Bill Nottingham notting at redhat.com
Tue Jul 24 02:10:46 UTC 2007


(warning: some of you have seen this rant before)

Mike McGrath (mmcgrath at redhat.com) said: 
> What is our target market supposed to be?

We don't have one! Seriously, I have yet to see anything that shows that
we have a coherent market, a plan for attack, or *anything* along those
lines.

So, we muddle along. Since no one has a plan or a target market, we
implement whatever features the developers happen to think of, or random
features vaguely relating to future enterprise development. Or we just
incorporate the latest upstream.

Since no one has a plan, and we don't target any market, we never have
dedicated resources to do large amounts of cross distro work. So, we continue
to have things like system-config-network and NetworkManager working in
direct conflict for going on how many releases now?

Since no one has a plan, and we don't target any market, we just continue
to ship the same-old same-old distribution. Development tools? Gotta have
those, they were there before? Two or three desktops? Well, wouldn't want
to lose any users. And we need all the servers too.

Whatever you can say about Ubuntu, they had a coherent, directed, plan,
and they executed. We have no user-visible plan, and I think it shows.

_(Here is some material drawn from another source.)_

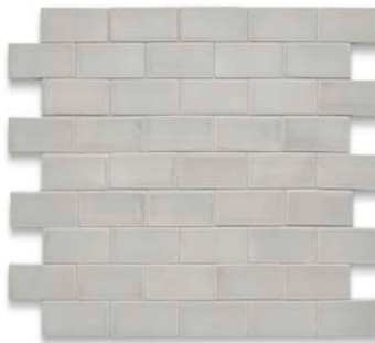
1 1/4" x 2 3/8" Staggered Mosaic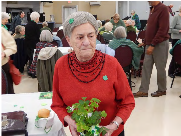
This PROBUS lady won one of the door prizes.

But does Fedora have any goals?

Maybe we want to trumpet the customizability of Fedora, and focus on
highlighting user-contributed spins. If so, we should be focusing all our
efforts on creating web frontends, getting storage together, writing bits
for people to rate these spins, etc.

Maybe we want to investigate the online, connected destkop, and the possible
creation and use of open service frameworks. Then we should start heavily
investigating in infrastructure to host these apps and people's data. We
should start working on rolling out open-source backed versions of popular
online services (mail, chat, flickr, blog, etc), and working heavily with
legal to enter this space with a *truly* open policy about how the user owns
their own data, how to truly not be evil, etc.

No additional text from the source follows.